Return the lines of the material below exactly, beginning with the line that has "第三,我说说这里的人。大家都" in it and finishing with the line that has "A COLLECTION OF" in it. Leave all pictures aside.

■ **Data supplied**:
----

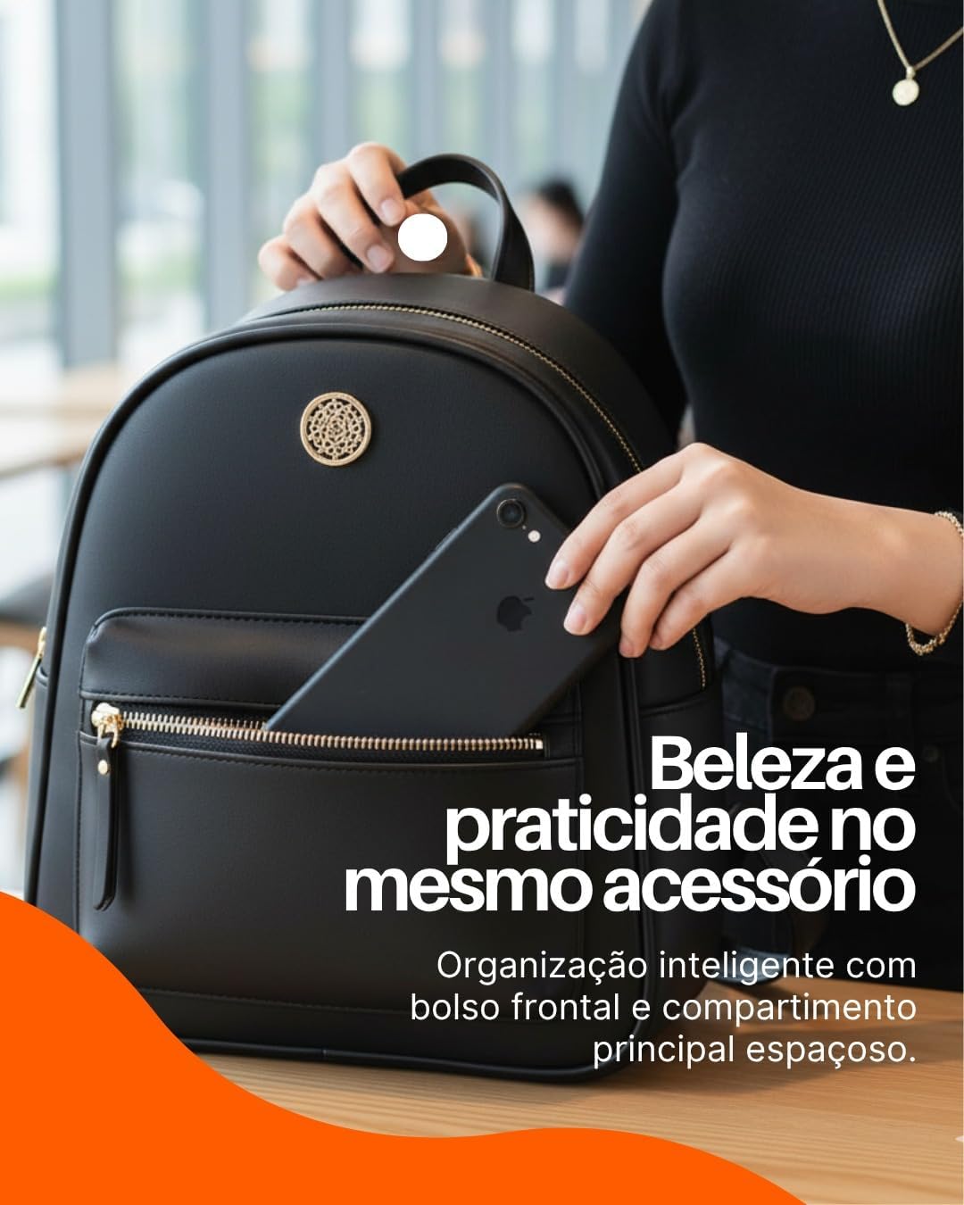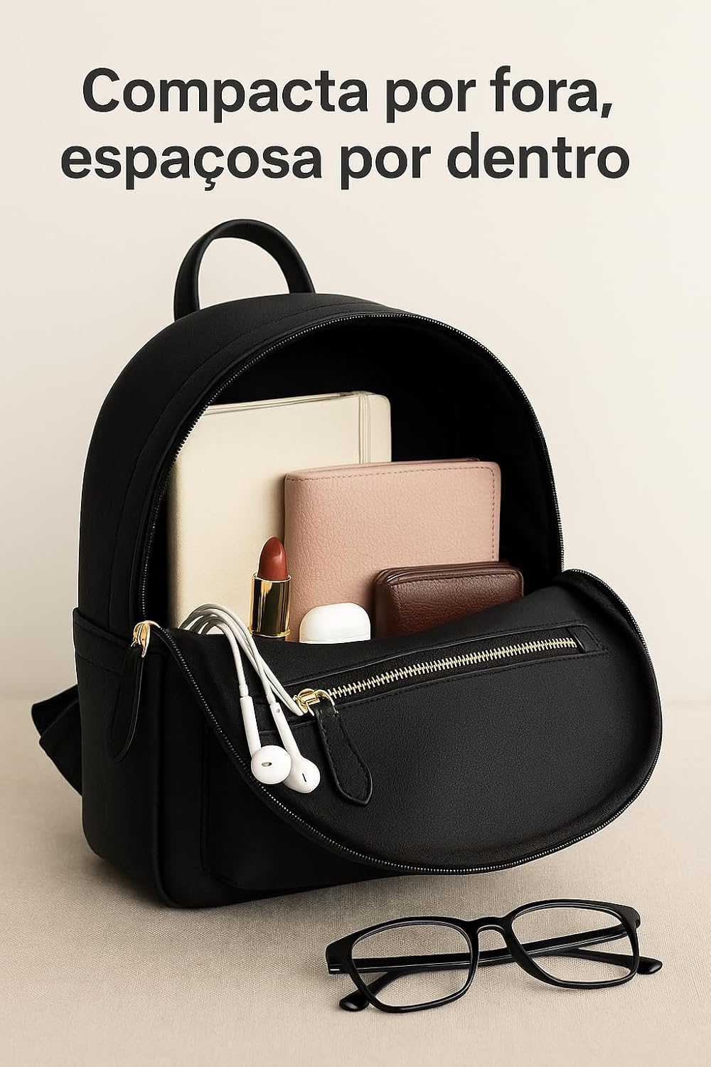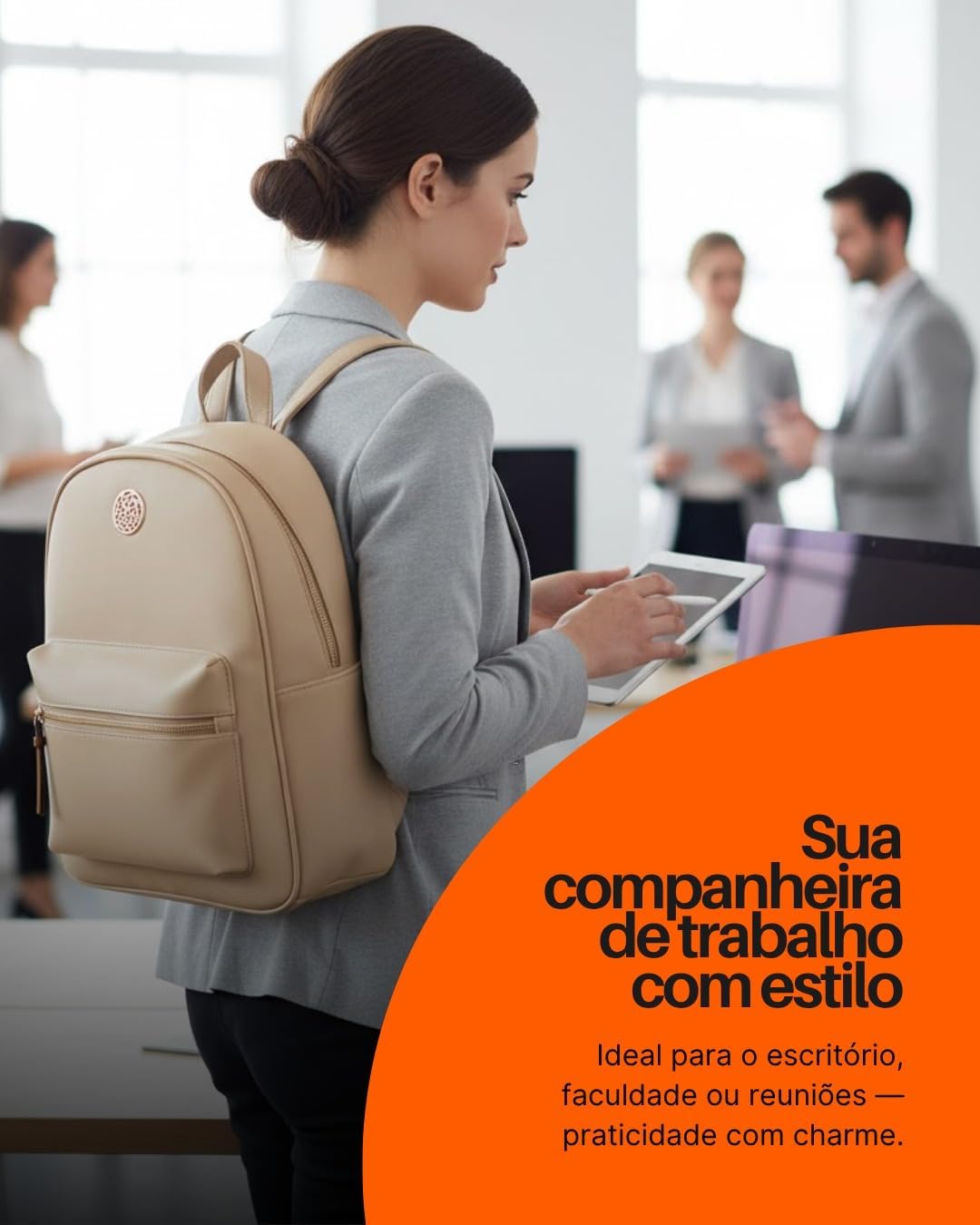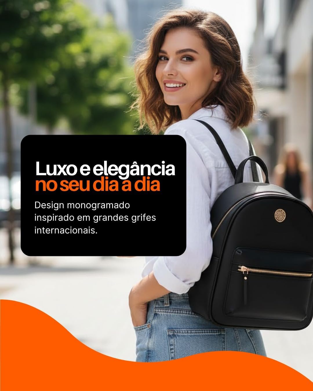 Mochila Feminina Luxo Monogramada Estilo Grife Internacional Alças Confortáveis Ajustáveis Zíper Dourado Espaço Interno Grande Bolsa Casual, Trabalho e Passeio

----

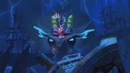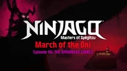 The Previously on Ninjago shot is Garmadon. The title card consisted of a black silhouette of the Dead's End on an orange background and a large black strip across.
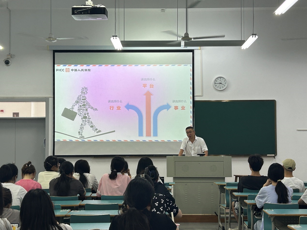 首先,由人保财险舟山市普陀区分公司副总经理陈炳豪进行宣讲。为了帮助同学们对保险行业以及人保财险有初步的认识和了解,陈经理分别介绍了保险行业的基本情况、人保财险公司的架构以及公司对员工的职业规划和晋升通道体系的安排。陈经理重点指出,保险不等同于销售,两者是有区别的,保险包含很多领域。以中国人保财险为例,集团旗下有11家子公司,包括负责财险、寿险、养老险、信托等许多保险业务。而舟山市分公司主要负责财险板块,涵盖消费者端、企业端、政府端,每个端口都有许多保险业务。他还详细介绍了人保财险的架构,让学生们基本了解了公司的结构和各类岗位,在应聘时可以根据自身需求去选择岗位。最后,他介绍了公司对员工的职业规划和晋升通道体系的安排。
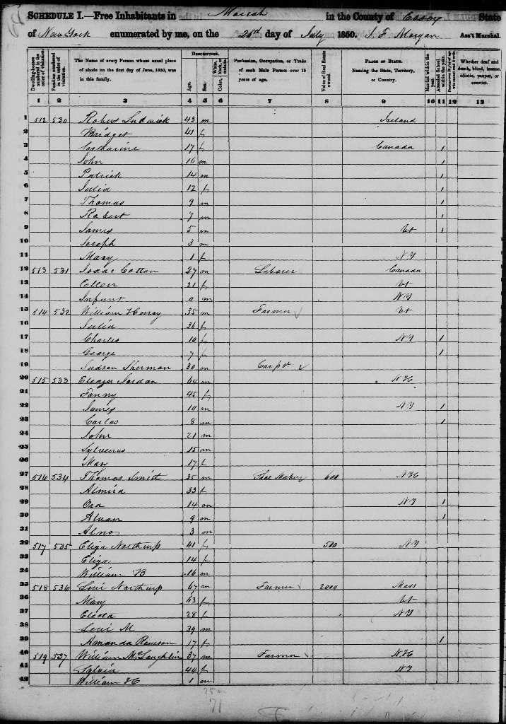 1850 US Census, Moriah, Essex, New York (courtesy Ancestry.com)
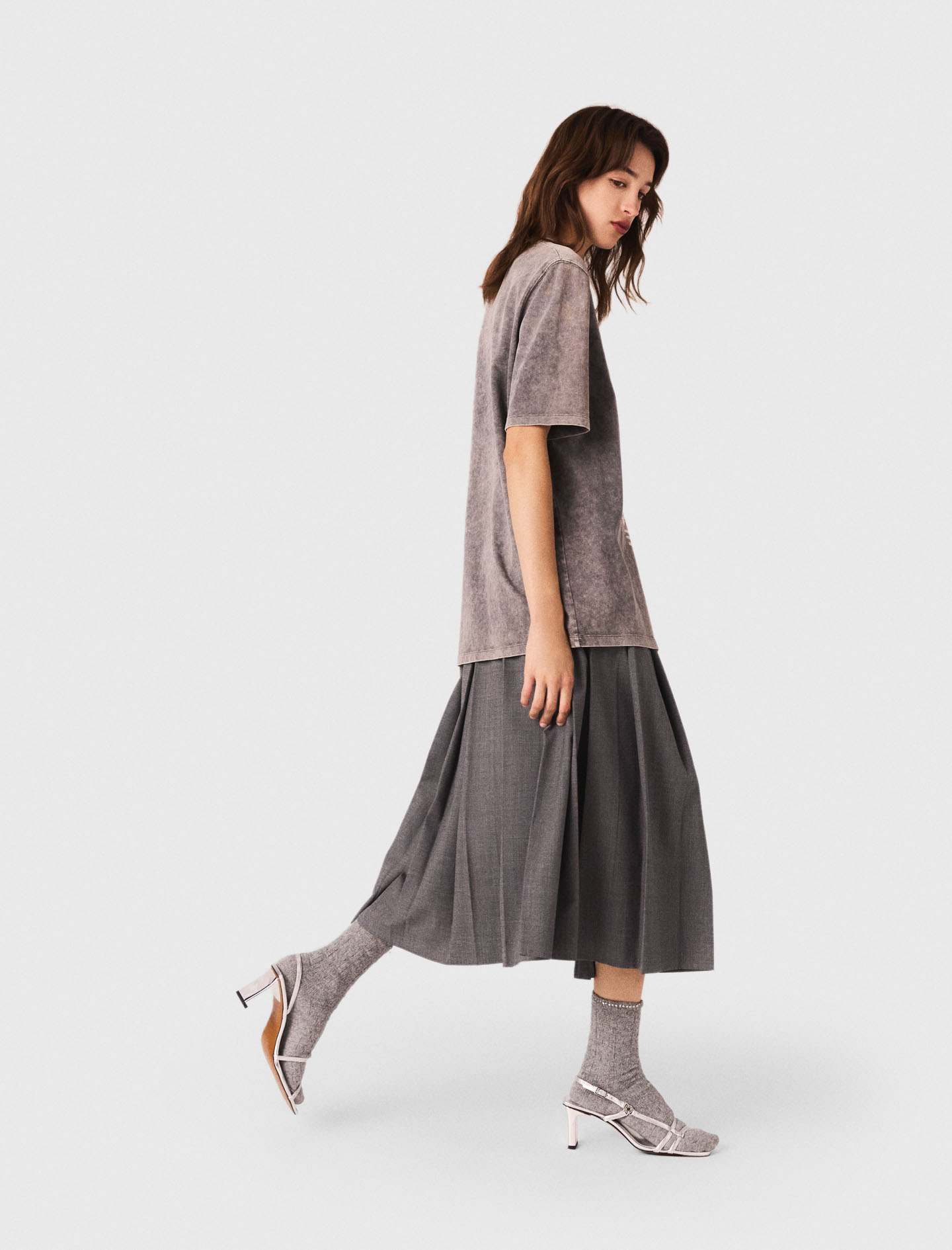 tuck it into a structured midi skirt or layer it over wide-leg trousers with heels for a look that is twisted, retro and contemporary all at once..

----

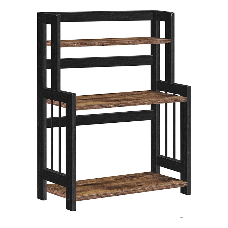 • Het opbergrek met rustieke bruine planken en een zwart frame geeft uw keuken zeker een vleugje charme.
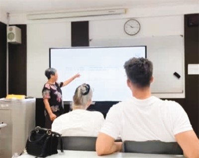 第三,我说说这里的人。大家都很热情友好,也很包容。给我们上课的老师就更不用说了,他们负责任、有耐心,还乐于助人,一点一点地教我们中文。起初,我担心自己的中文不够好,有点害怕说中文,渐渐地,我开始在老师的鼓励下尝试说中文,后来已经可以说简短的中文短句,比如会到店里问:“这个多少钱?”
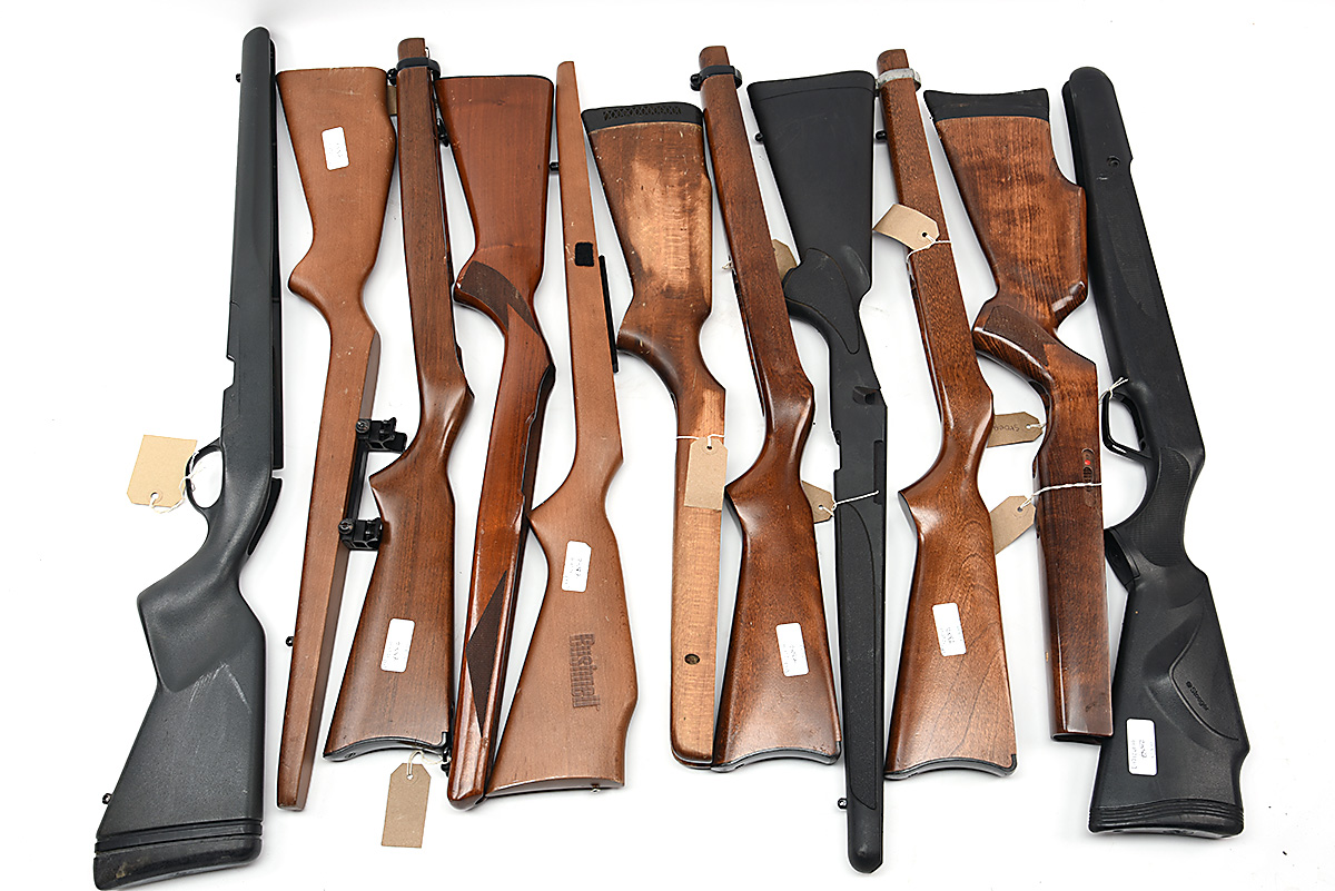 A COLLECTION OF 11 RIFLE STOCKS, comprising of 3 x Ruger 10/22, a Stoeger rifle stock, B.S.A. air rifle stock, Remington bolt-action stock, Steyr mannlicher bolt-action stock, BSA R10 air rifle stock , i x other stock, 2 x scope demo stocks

----

■ **Solution to this problem**:
 第三,我说说这里的人。大家都很热情友好,也很包容。给我们上课的老师就更不用说了,他们负责任、有耐心,还乐于助人,一点一点地教我们中文。起初,我担心自己的中文不够好,有点害怕说中文,渐渐地,我开始在老师的鼓励下尝试说中文,后来已经可以说简短的中文短句,比如会到店里问:“这个多少钱?”
 A COLLECTION OF 11 RIFLE STOCKS, comprising of 3 x Ruger 10/22, a Stoeger rifle stock, B.S.A. air rifle stock, Remington bolt-action stock, Steyr mannlicher bolt-action stock, BSA R10 air rifle stock , i x other stock, 2 x scope demo stocks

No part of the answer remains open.